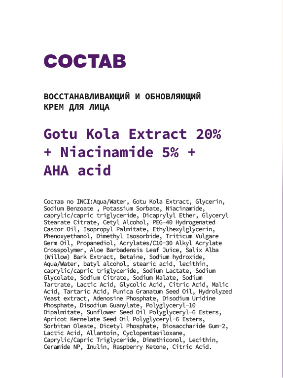 Состав:Aqua/Water, Gotu Kola Extract, Glycerin, Sodium Benzoate , Potassium Sorbate, Niacinamide, caprylic/capric triglyceride, Dicaprylyl Ether, Glyceryl Stearate Citrate, Cetyl Alcohol, PEG-40 Hydrogenated Castor Oil, Isopropyl Palmitate, Ethylhexylglyc
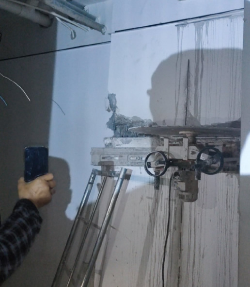 承重墙基本已经切断了,还没来得及拆卸下来,楼上已经出现裂缝预警,如果将断墙拆除下来,上部结构没有支撑,后果不堪设想。
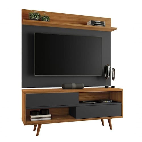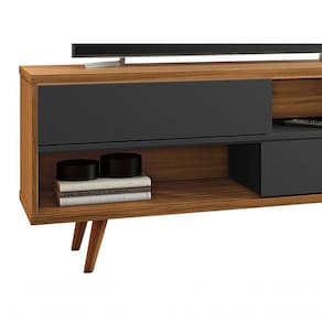 O Rack e Painel Assimério - Moveisaqui, aposta na assimetria para trazer elegância e charme a sua sala de TV. Atemporal, irá abrilantar seu ambiente. O rack, possui um estilo retrô, com duas portas deslizantes contrbui para a orgazição dos itens do seu dia a dia. E o painel, possui uma prateleira superior para o apoio de decoração.

----

WORK REQUEST | A word-for-word copy of the data above is needed, one that omits the pictures.

WORKED SOLUTION |
 Состав:Aqua/Water, Gotu Kola Extract, Glycerin, Sodium Benzoate , Potassium Sorbate, Niacinamide, caprylic/capric triglyceride, Dicaprylyl Ether, Glyceryl Stearate Citrate, Cetyl Alcohol, PEG-40 Hydrogenated Castor Oil, Isopropyl Palmitate, Ethylhexylglyc
 承重墙基本已经切断了,还没来得及拆卸下来,楼上已经出现裂缝预警,如果将断墙拆除下来,上部结构没有支撑,后果不堪设想。
 O Rack e Painel Assimério - Moveisaqui, aposta na assimetria para trazer elegância e charme a sua sala de TV. Atemporal, irá abrilantar seu ambiente. O rack, possui um estilo retrô, com duas portas deslizantes contrbui para a orgazição dos itens do seu dia a dia. E o painel, possui uma prateleira superior para o apoio de decoração.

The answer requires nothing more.